Where the data below begins, start retyping exactly, and end on the line with "Облегающий топ из", which is included; no picture goes in.

- Recorded information -
[Start of section]
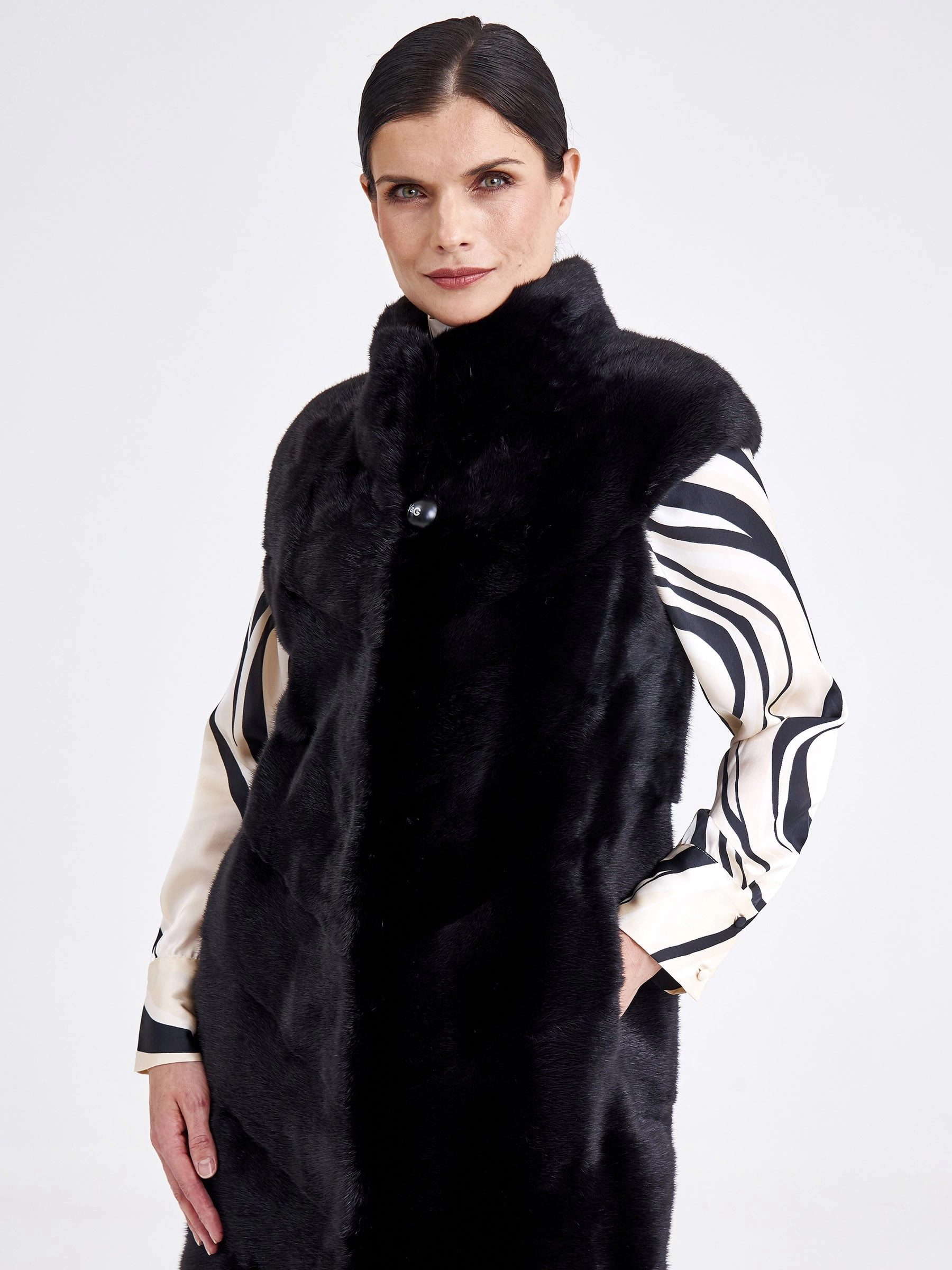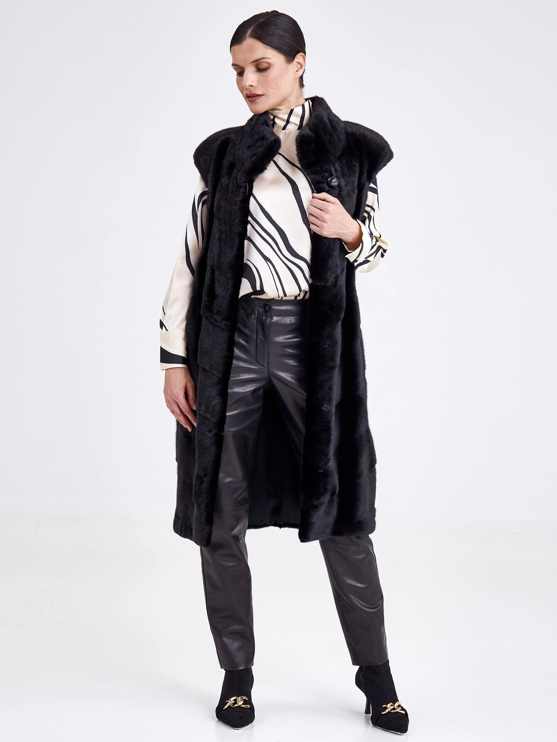 Длинный жилет-это отличное дополнение к образу. Изделие сшили из нежного густого меха норки. Универсальный черный цвет, прямой крой, миниум фурнитуры и полное отсутствие декора. Горизонтальная раскладка меха.Идеальное сочетание с кожаными брюками,юбкой.
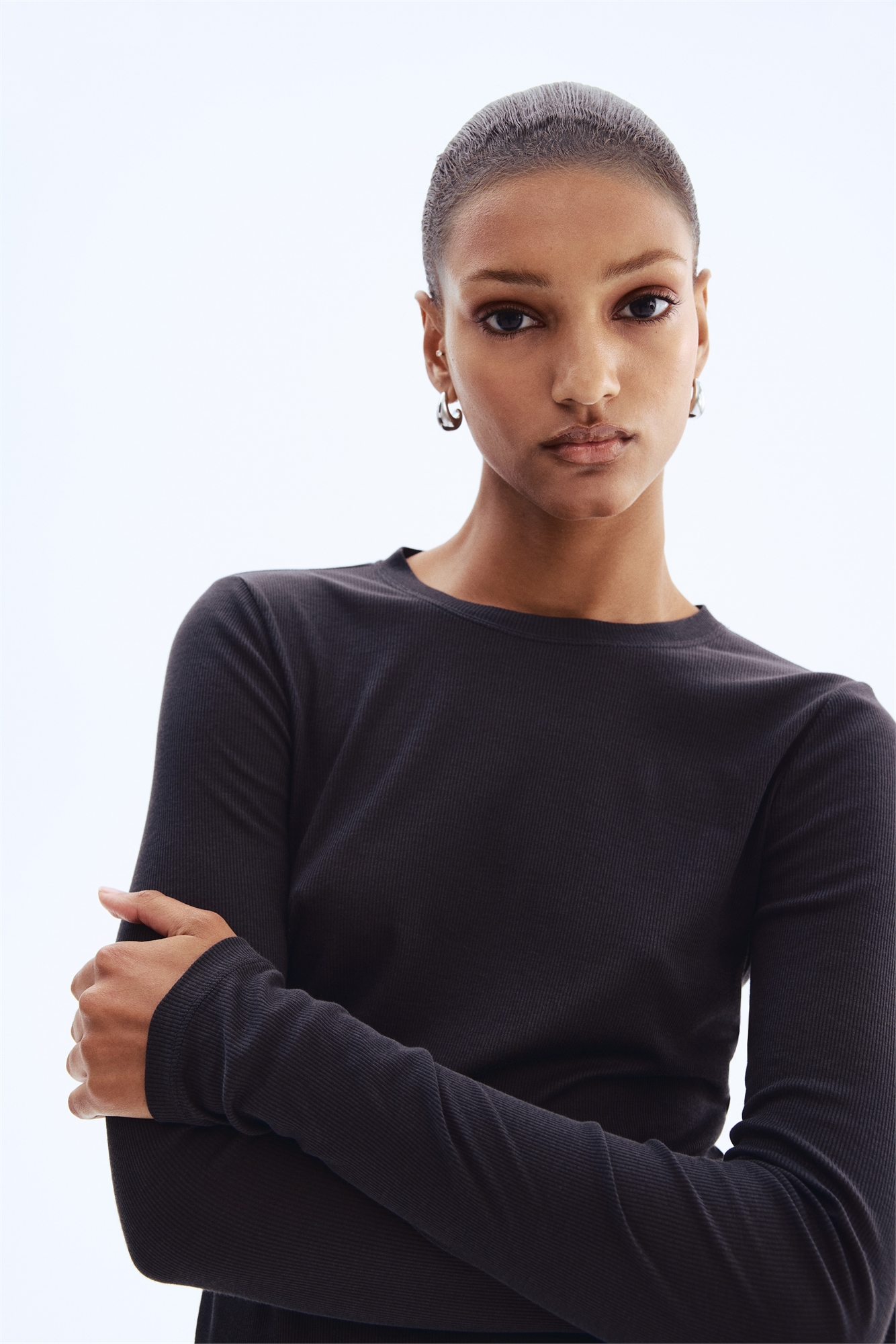 Облегающий топ из мягкого, ребристого хлопкового джерси пима. Круглый вырез с ребристой отделкой и удлиненные рукава.
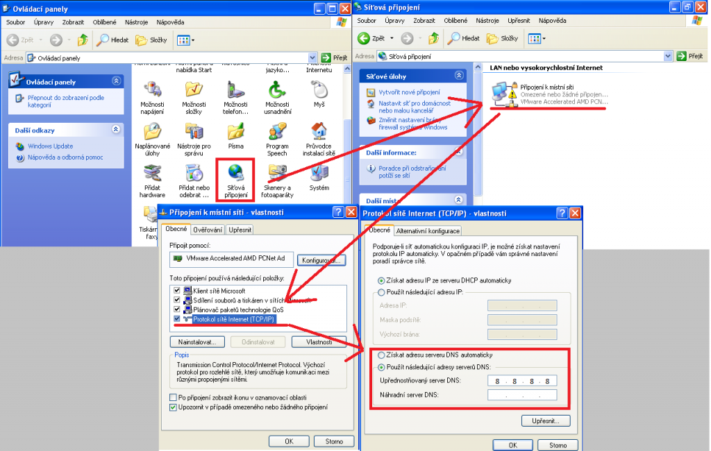 Nejdříve přes nabídku Start otevřeme Ovládací panely -> v nich otevřeme Síťová připojení -> vybereme adaptér a přes pravé tlačítko myši zvolíme Vlastnosti -> poklikáme na Protokol sítě Internet (TCP/IP) -> Do polí pro DNS servery napíšeme IP našeho DNS serveru (třeba 8.8.8.8 od Googlu). Vše potvrdíme a po tomto by měl již prohlížeč fungovat. Pokud ne, není chyba v DNS.
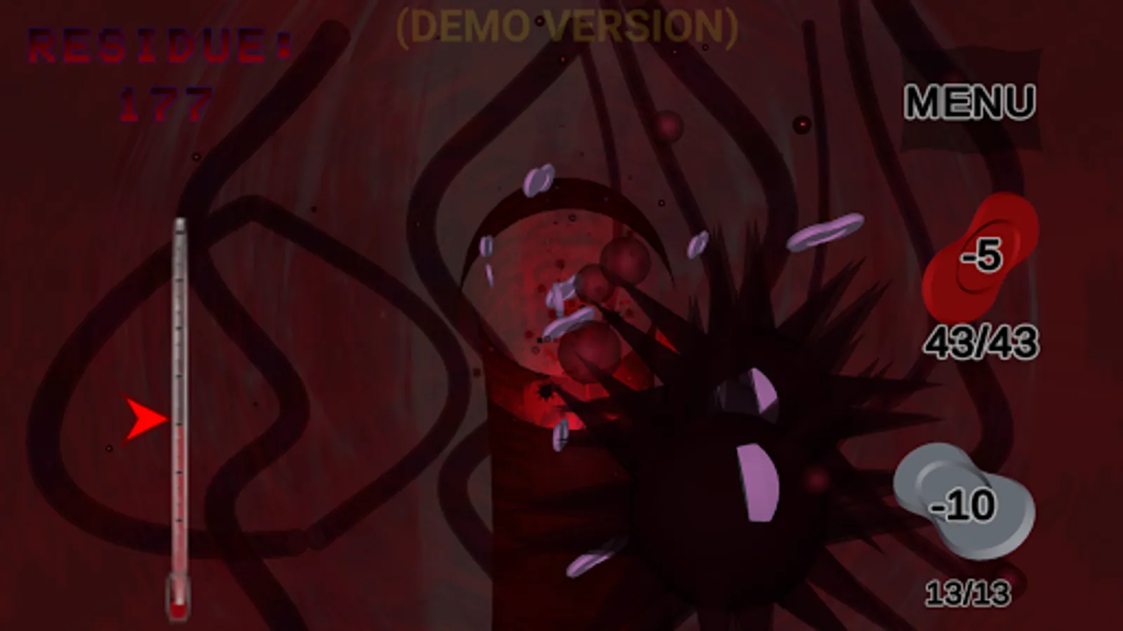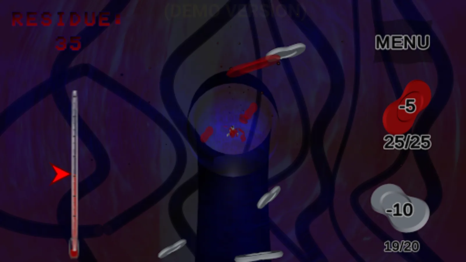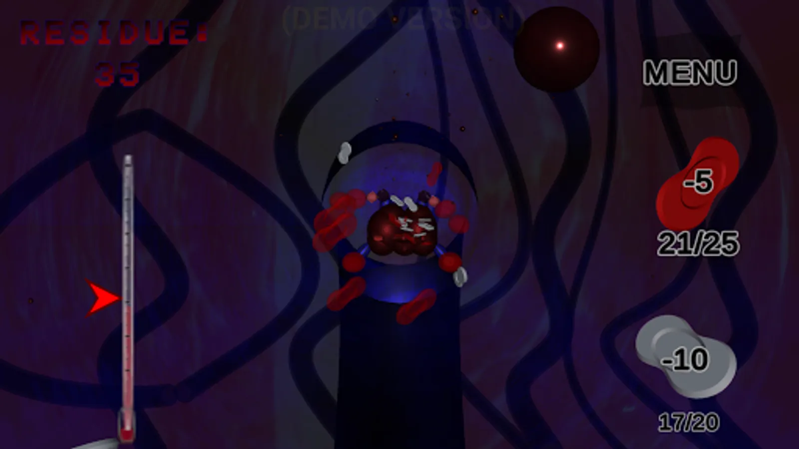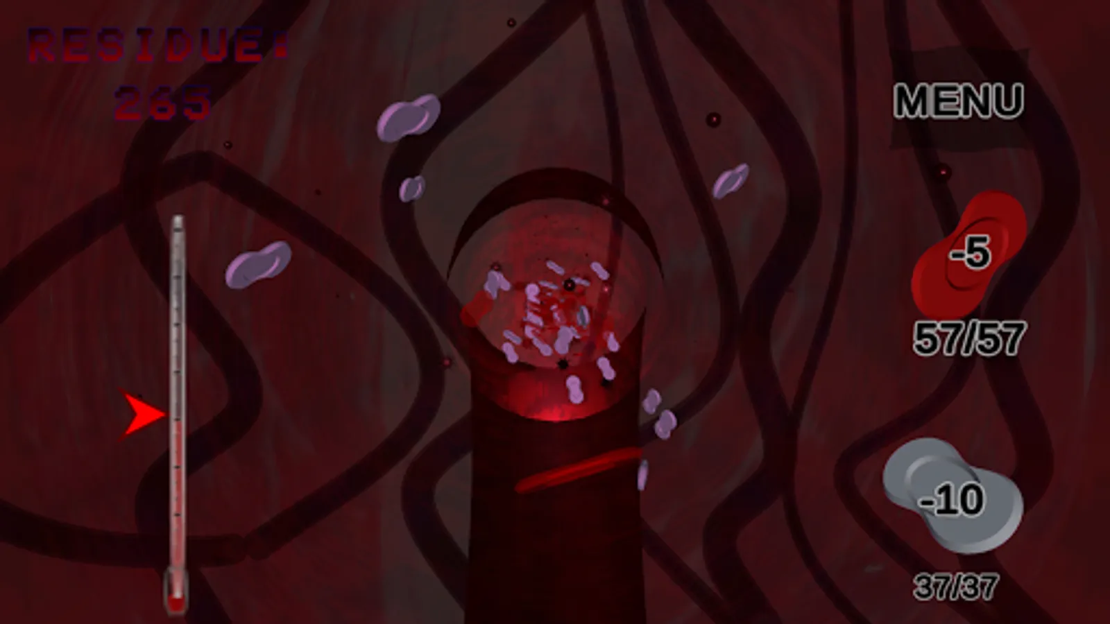 BALANCE the body's temperature by selecting your target temp, enemies will attempt to throw this into chaos and collapse the immune system. Use red blood cells (RBCs) to maintain an ideal temperature while you destroy the enemies.
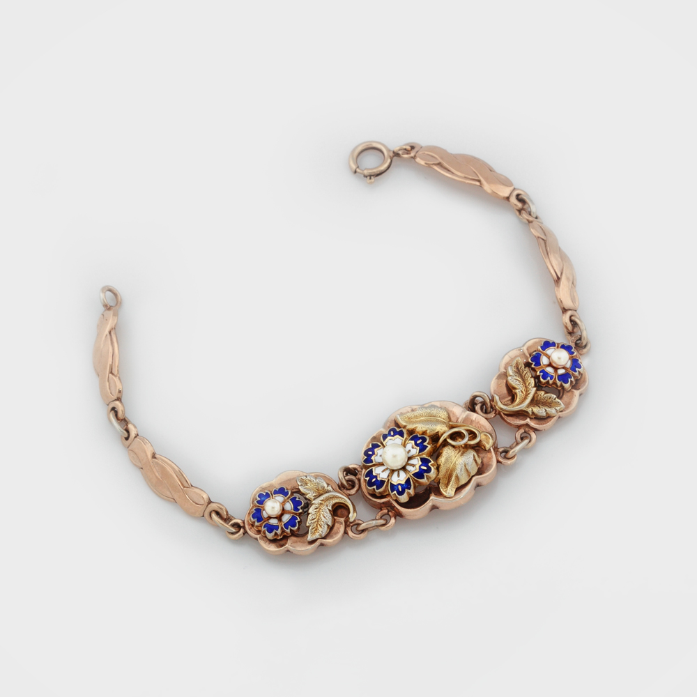 Brățară compusă din șapte segmente, presate, trei dintre ele diferite, decorate cu motive florale, emailate cloisonne simplu, cu perlă, închizătoare tip springring.
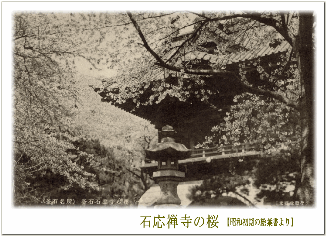 桜の季節に合わせて公開した 絵葉書です。 石応禅寺にはかつて 桜並木があり、 市民に親しまれていたそうです。 |
[End of section]
- Result for this task -
 Длинный жилет-это отличное дополнение к образу. Изделие сшили из нежного густого меха норки. Универсальный черный цвет, прямой крой, миниум фурнитуры и полное отсутствие декора. Горизонтальная раскладка меха.Идеальное сочетание с кожаными брюками,юбкой.
 Облегающий топ из мягкого, ребристого хлопкового джерси пима. Круглый вырез с ребристой отделкой и удлиненные рукава.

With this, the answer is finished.